Required work: Your answer is to be the exact text of the lines from the one containing "Scrumptious sour cherries" through the final line of the entries, restated in full, with pictures omitted.

(Beginning of Data extract)

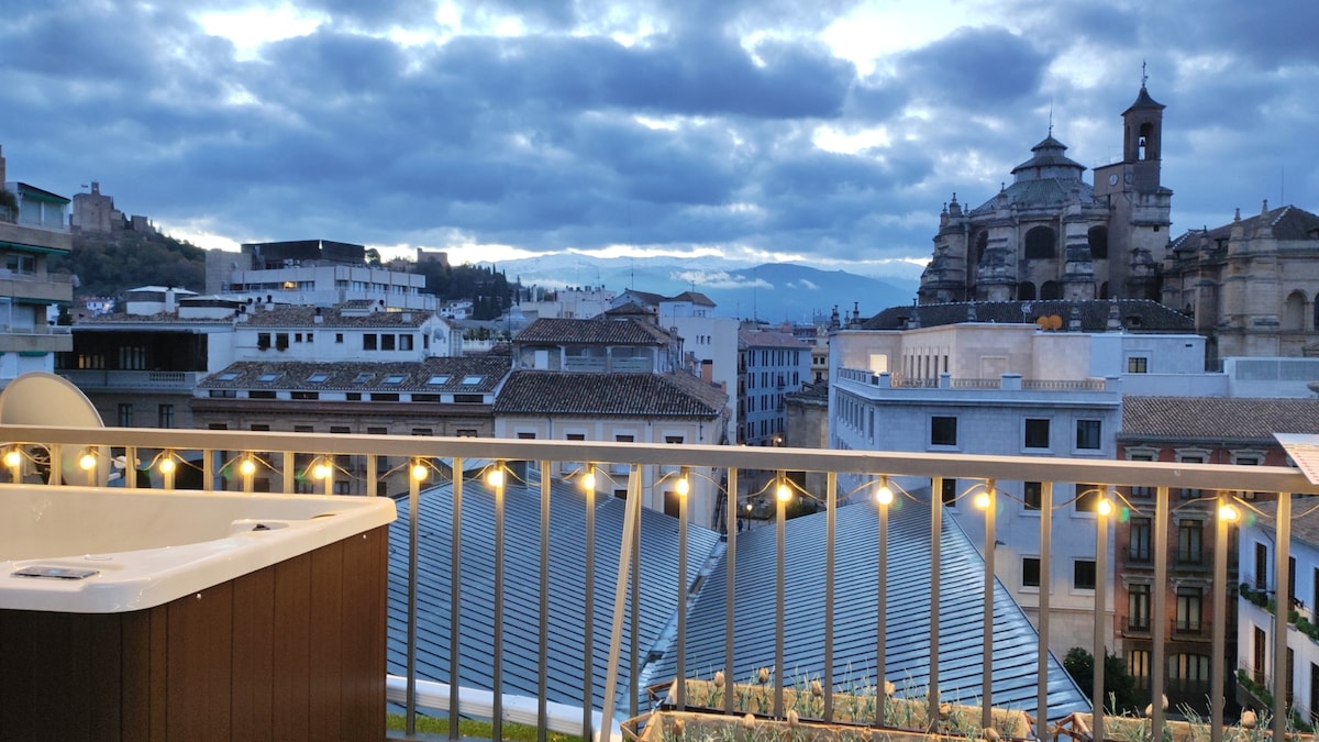 Penthouse 120m2 yang baru direnovasi pada tahun 2024 di depan katedral. Dua kamar tidur (satu quadruple dan satu double), kamar mandi dan toilet, semuanya eksterior dan dengan pemandangan Granada yang luar biasa. Ruang makan dan dapur yang luas. Semua fasilitas dirancang dan dilengkapi sesuai dengan standar kenyamanan, kualitas, dan layanan yang tinggi (pencahayaan bertahap, tirai/tikar mesin, remote control, jendela kaca tiga kali lipat, shower walk - in dengan curah hujan dan air terjun).
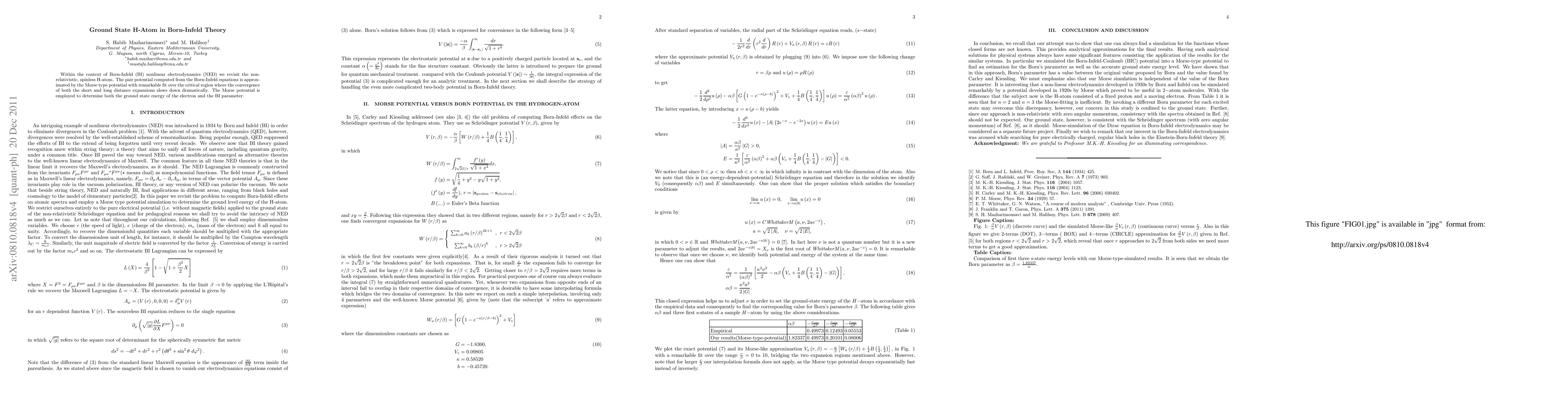 Researchers studied the ground state of a hydrogen atom in Born-Infeld theory, using an approximation that closely matches a Morse potential to calculate energy levels.
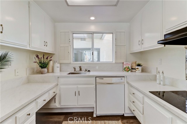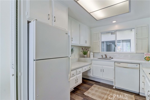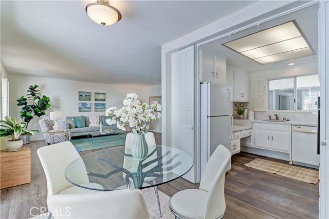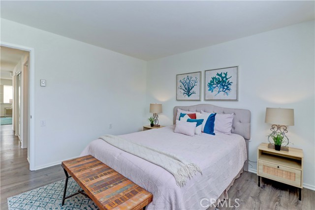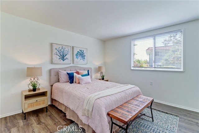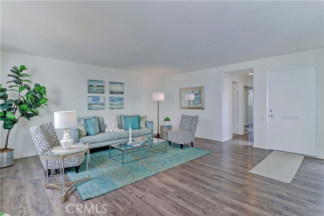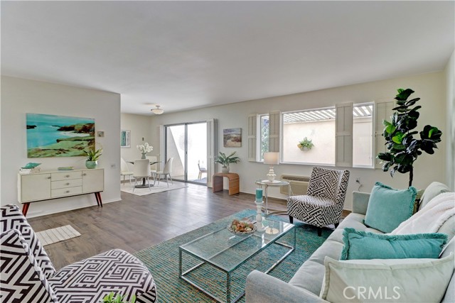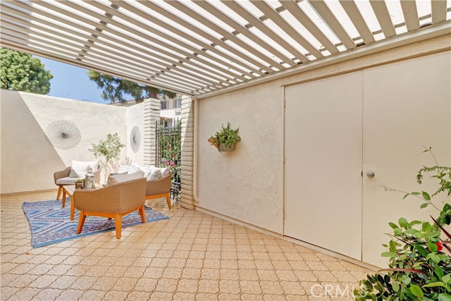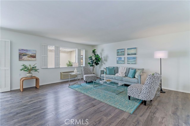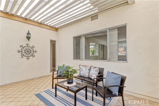 2BD/2BA updated, end unit "Cordoba" CONDO conveniently located in a quiet area on the western side of Gate 5/6 with easy access to the gates and Clubhouse 4 - the arts and crafts center of Laguna Woods with its own pool/spa. This is one of the largest single level cottage-type floorplans with room to expand into 2 patio areas. Enter through the partially covered front patio with rod iron gate. Interior features smooth ceilings, laminate flooring, fresh paint and shutters on most windows. Spacious living room and adjacent dining area lead out to the large, partially covered back patio with nice sized storage closets - plenty of room for outdoor living, gardening bench and BBQ. Living/dining and kitchen windows all face onto private patios so no neighbors walking by. Back inside, the kitchen has brand new quartz counters and window that looks out to the front patio area. 2 remodeled bathrooms with newer vanities and fixtures. Guest bathroom has tub/shower combo with tiled surround and curved glass enclosure. Primary bath houses tiled walk-in shower. 2 good sized bedrooms with lots of closet space behind the mirrored closet doors and west-facing windows for afternoon sun. The primary bedroom also has a window facing into the front patio. Comfortable home with space to spread out plus 2 patios! Carport and guest parking right in front. Residents enjoy access to an unparalleled array of amenities, including championship and executive golf courses, multiple swimming pools, fitness centers, pickleball and tennis courts, lawn bowling, equestrian facilities, gardening centers, art studios, computer labs, classes, and over 200 clubs and social organizations. See Virtual walk-through tour!
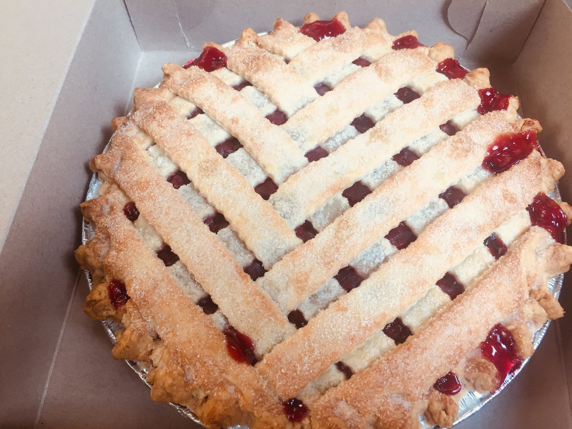 Scrumptious sour cherries lightly spiced in our all butter double crusted pie shell.
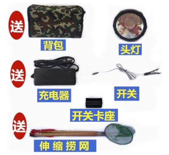 隨機(jī)配送:伸縮撈網(wǎng)一套 精致背包一個(gè) 防水開關(guān)一個(gè) LED頭燈一個(gè) 開關(guān)卡座一個(gè) 說明書及保修卡
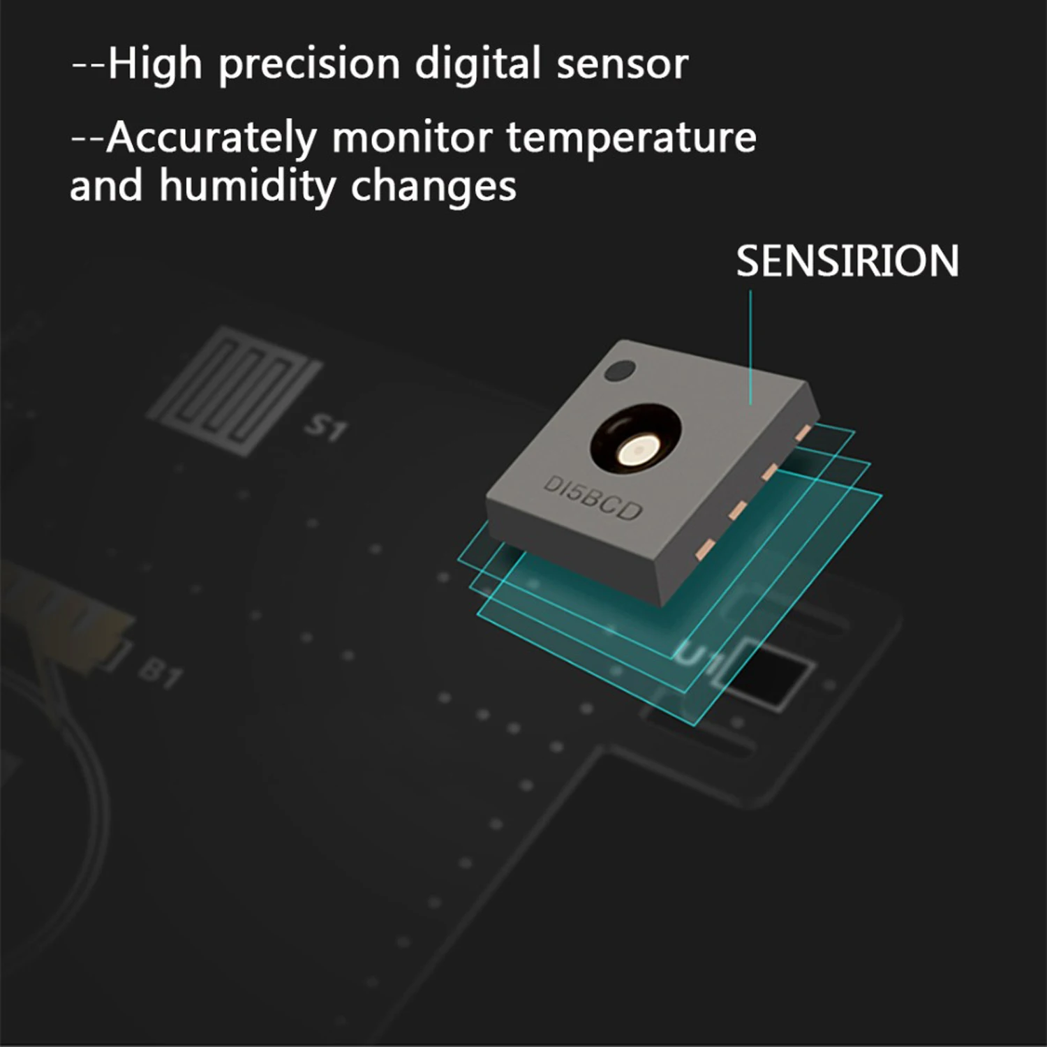 1. Домашний гигрометр, данные могут быть четко прочитаны с различной яркостью и углом. 2. Высокая чувствительность и точный чувствительность из Швейцарии, чувство тонкой смены температуры и влажности дыхание. 3. Выразительность, подчеркивающая уровень комфорта, милая и простая. 4. Низкое потребление экрана, аккумулятор кнопки CR2032 в течение одного года. 5. Встроенный Расширенная влажность датчик температуры и влажности, точность измерения температуры: 0,1 градусов, влажность точность: 0,1 относительной влажности 6. Через приложение Mi, чтобы включить hu mi difier, когда внутренняя hu mi dity слишком низкая, а кондиционер, когда температура в помещении слишком высока СВЕТОДИОДНЫЙ цифровой дисплей, вы можете легко получить температуру, влажность
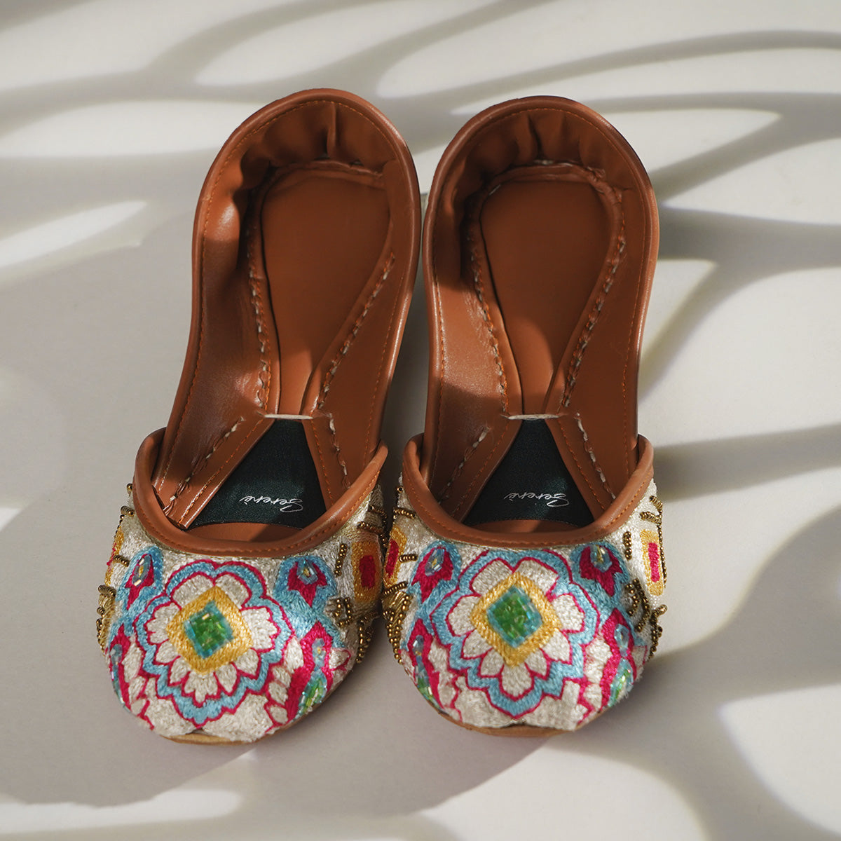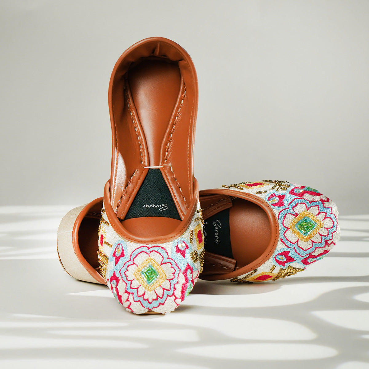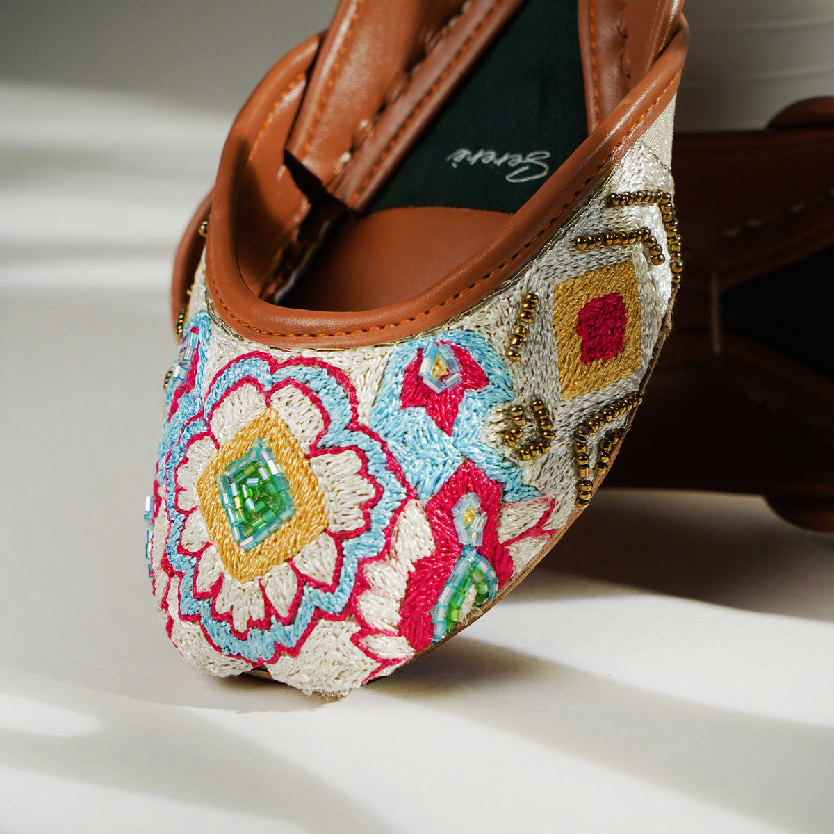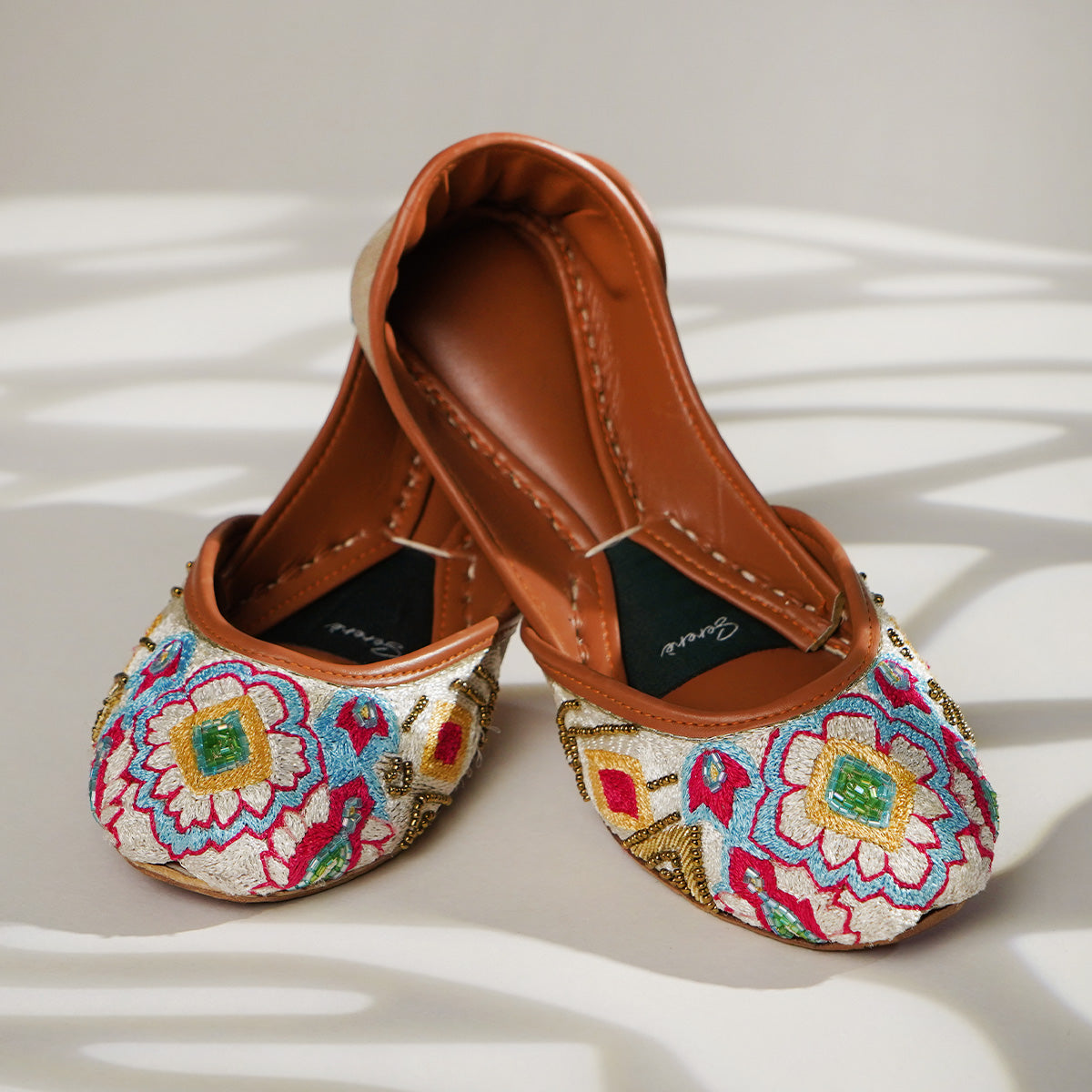 A brilliant tapestry of multi-color embroidery threads, luminous beads, and delicate small pearls. This beautiful color combination ensures it can effortlessly pair with any dress in your wardrobe. This statement khussa delivers comfortable style and vibrant elegance for every occasion.

(End of Data extract)

Written response:
 Scrumptious sour cherries lightly spiced in our all butter double crusted pie shell.
 隨機(jī)配送:伸縮撈網(wǎng)一套 精致背包一個(gè) 防水開關(guān)一個(gè) LED頭燈一個(gè) 開關(guān)卡座一個(gè) 說明書及保修卡
 1. Домашний гигрометр, данные могут быть четко прочитаны с различной яркостью и углом. 2. Высокая чувствительность и точный чувствительность из Швейцарии, чувство тонкой смены температуры и влажности дыхание. 3. Выразительность, подчеркивающая уровень комфорта, милая и простая. 4. Низкое потребление экрана, аккумулятор кнопки CR2032 в течение одного года. 5. Встроенный Расширенная влажность датчик температуры и влажности, точность измерения температуры: 0,1 градусов, влажность точность: 0,1 относительной влажности 6. Через приложение Mi, чтобы включить hu mi difier, когда внутренняя hu mi dity слишком низкая, а кондиционер, когда температура в помещении слишком высока СВЕТОДИОДНЫЙ цифровой дисплей, вы можете легко получить температуру, влажность
 A brilliant tapestry of multi-color embroidery threads, luminous beads, and delicate small pearls. This beautiful color combination ensures it can effortlessly pair with any dress in your wardrobe. This statement khussa delivers comfortable style and vibrant elegance for every occasion.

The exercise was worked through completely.